TASK STATEMENT: Starting from the top of the entries below and ending with the line containing "Stock Your Home", restate every line word for word, pictures omitted.

Items from a data source
..............................

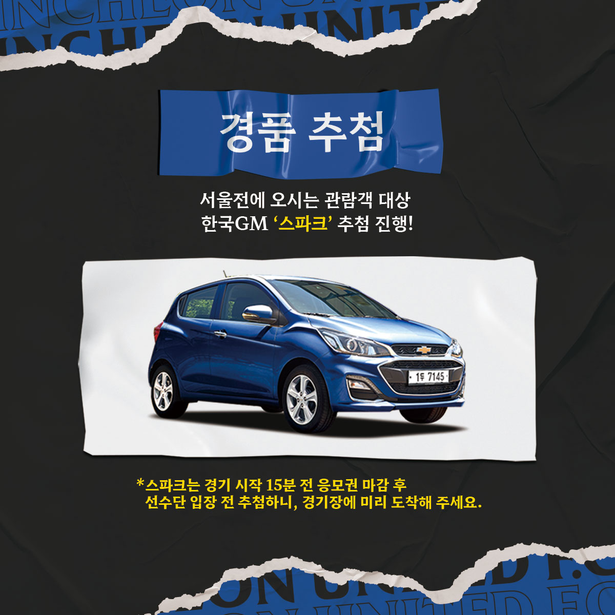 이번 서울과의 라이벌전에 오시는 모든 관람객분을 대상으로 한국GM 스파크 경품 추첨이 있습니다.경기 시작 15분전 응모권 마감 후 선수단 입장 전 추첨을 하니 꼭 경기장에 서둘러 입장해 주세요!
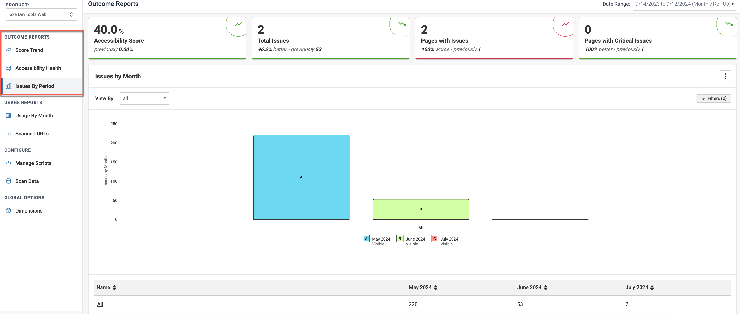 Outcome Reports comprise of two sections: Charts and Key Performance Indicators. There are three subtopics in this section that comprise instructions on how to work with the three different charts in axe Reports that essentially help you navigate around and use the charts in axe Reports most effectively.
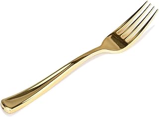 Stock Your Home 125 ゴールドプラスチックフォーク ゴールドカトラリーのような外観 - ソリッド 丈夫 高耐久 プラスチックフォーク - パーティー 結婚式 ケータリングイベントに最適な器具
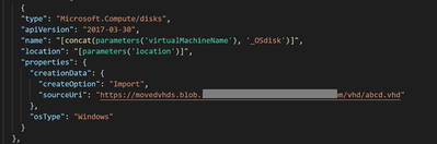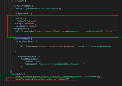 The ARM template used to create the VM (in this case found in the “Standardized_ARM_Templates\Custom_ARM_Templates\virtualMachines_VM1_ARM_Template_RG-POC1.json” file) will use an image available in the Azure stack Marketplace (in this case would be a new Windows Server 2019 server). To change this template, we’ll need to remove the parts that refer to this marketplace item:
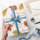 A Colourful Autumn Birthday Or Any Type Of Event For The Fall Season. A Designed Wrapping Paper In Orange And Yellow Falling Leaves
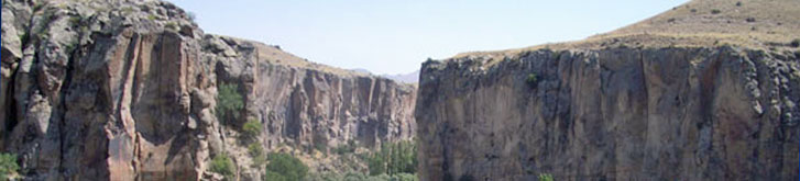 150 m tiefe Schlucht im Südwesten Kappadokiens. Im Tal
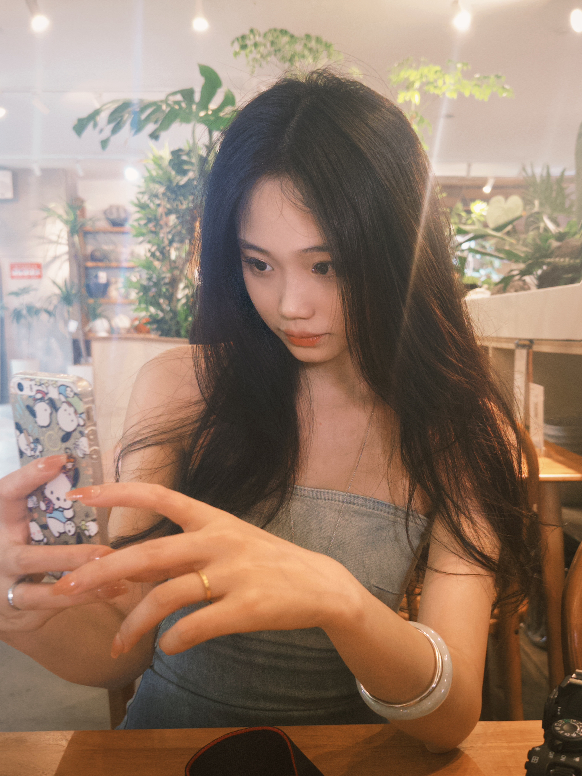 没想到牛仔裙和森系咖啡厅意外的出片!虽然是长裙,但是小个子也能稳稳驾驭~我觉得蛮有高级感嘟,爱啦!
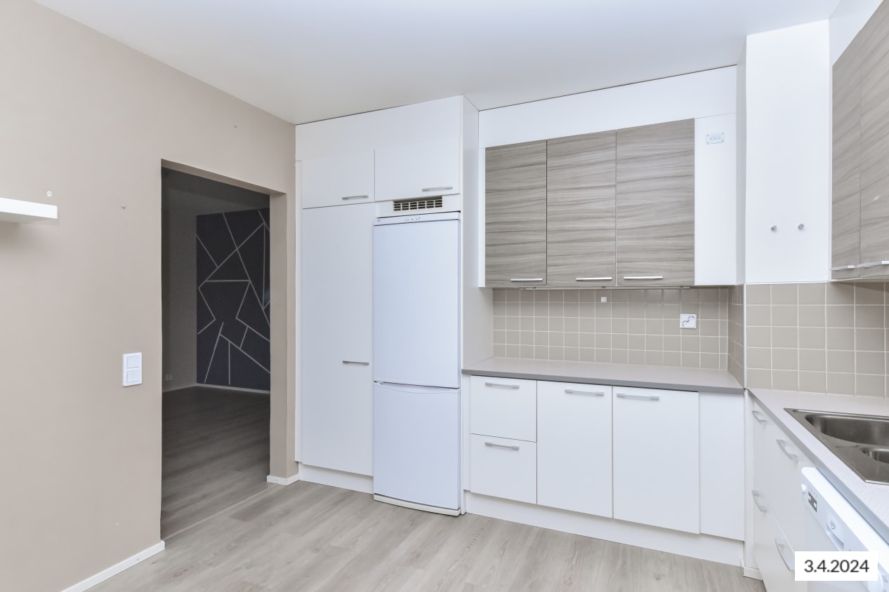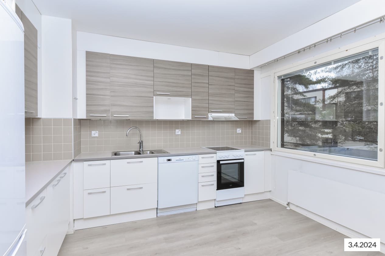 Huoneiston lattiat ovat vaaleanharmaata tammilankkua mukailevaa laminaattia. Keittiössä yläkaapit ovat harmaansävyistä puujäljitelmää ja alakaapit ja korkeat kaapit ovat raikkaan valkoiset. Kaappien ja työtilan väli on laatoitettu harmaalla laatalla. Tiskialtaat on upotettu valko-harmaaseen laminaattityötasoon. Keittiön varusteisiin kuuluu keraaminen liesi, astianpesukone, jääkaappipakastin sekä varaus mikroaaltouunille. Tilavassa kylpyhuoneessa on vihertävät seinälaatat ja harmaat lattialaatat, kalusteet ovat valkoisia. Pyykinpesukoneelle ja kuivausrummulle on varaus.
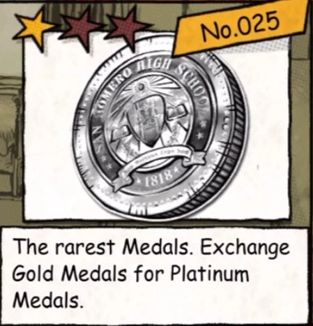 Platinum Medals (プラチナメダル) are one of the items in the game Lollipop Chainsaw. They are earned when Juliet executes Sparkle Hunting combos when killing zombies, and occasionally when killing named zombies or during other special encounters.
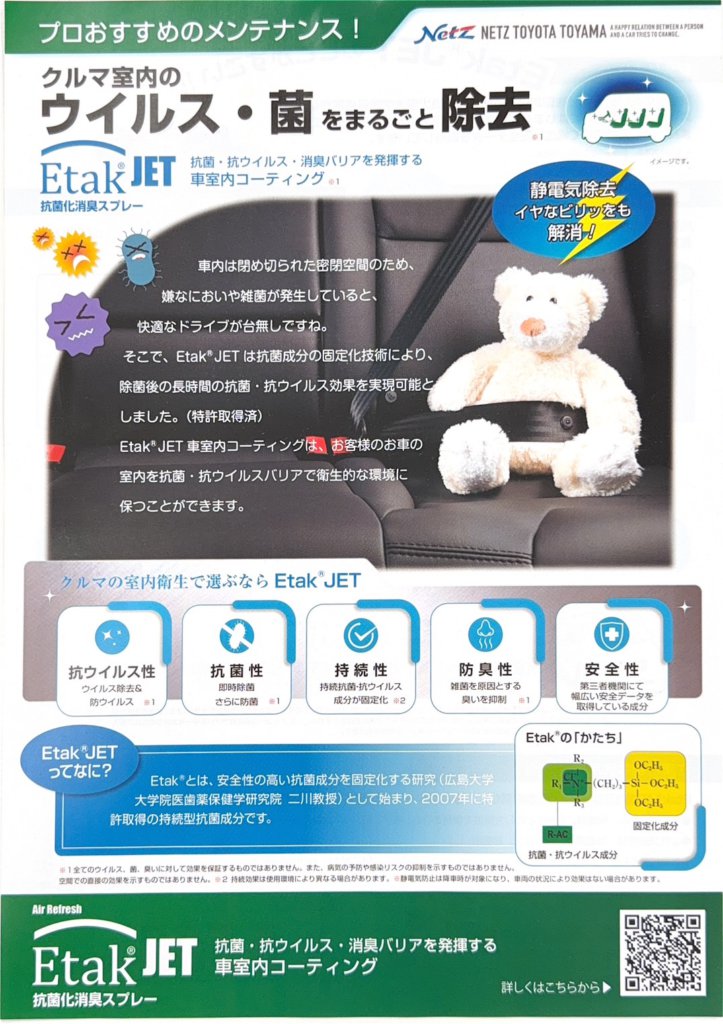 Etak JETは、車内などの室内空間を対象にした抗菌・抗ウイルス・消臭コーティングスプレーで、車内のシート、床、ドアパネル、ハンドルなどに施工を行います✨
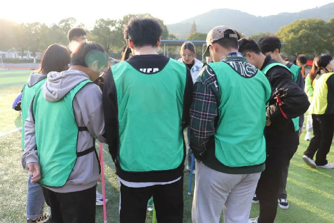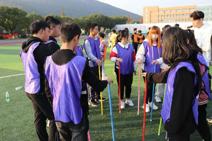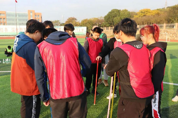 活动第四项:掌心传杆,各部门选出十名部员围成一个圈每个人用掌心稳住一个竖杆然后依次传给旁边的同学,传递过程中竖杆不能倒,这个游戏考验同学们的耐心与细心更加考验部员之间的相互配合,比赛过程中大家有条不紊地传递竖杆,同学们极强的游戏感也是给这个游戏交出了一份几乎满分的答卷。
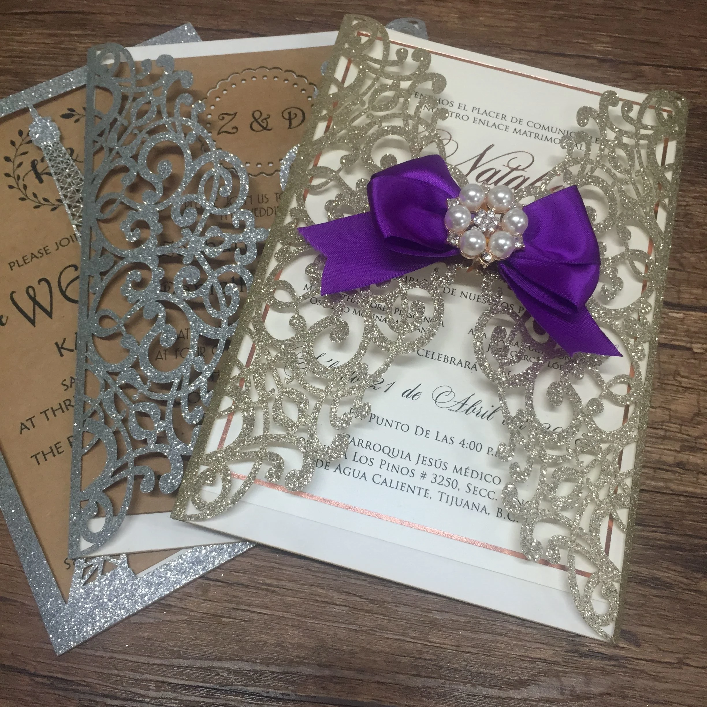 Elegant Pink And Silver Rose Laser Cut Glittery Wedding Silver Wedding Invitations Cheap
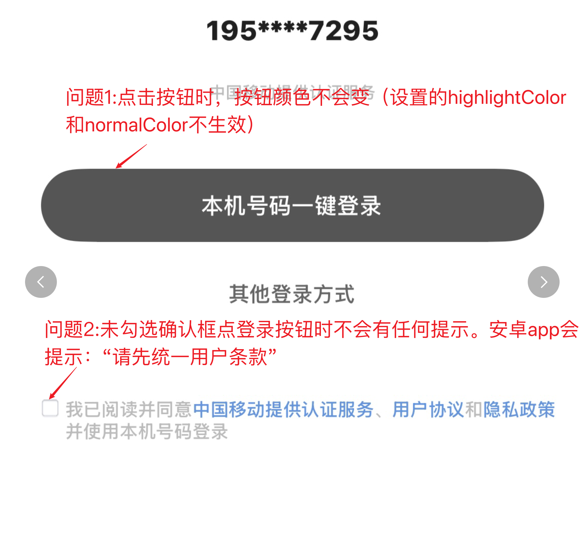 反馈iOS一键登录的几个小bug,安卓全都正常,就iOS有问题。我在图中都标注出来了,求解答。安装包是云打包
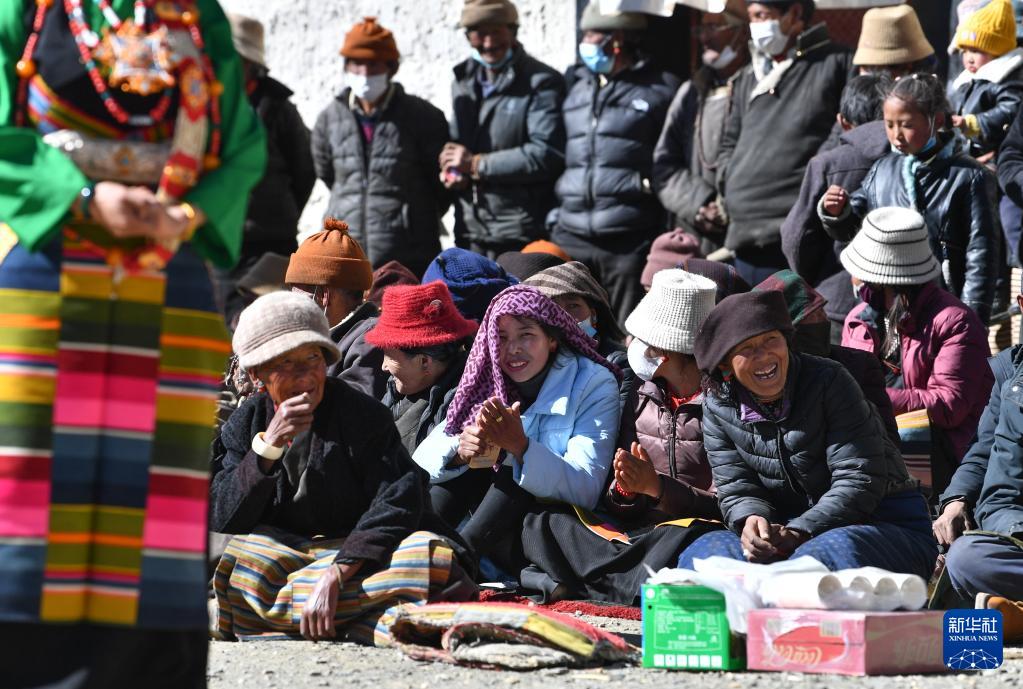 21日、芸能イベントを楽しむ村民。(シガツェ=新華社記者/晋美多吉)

..............................

ANSWER FOR THIS EXERCISE:
 이번 서울과의 라이벌전에 오시는 모든 관람객분을 대상으로 한국GM 스파크 경품 추첨이 있습니다.경기 시작 15분전 응모권 마감 후 선수단 입장 전 추첨을 하니 꼭 경기장에 서둘러 입장해 주세요!
 Outcome Reports comprise of two sections: Charts and Key Performance Indicators. There are three subtopics in this section that comprise instructions on how to work with the three different charts in axe Reports that essentially help you navigate around and use the charts in axe Reports most effectively.
 Stock Your Home 125 ゴールドプラスチックフォーク ゴールドカトラリーのような外観 - ソリッド 丈夫 高耐久 プラスチックフォーク - パーティー 結婚式 ケータリングイベントに最適な器具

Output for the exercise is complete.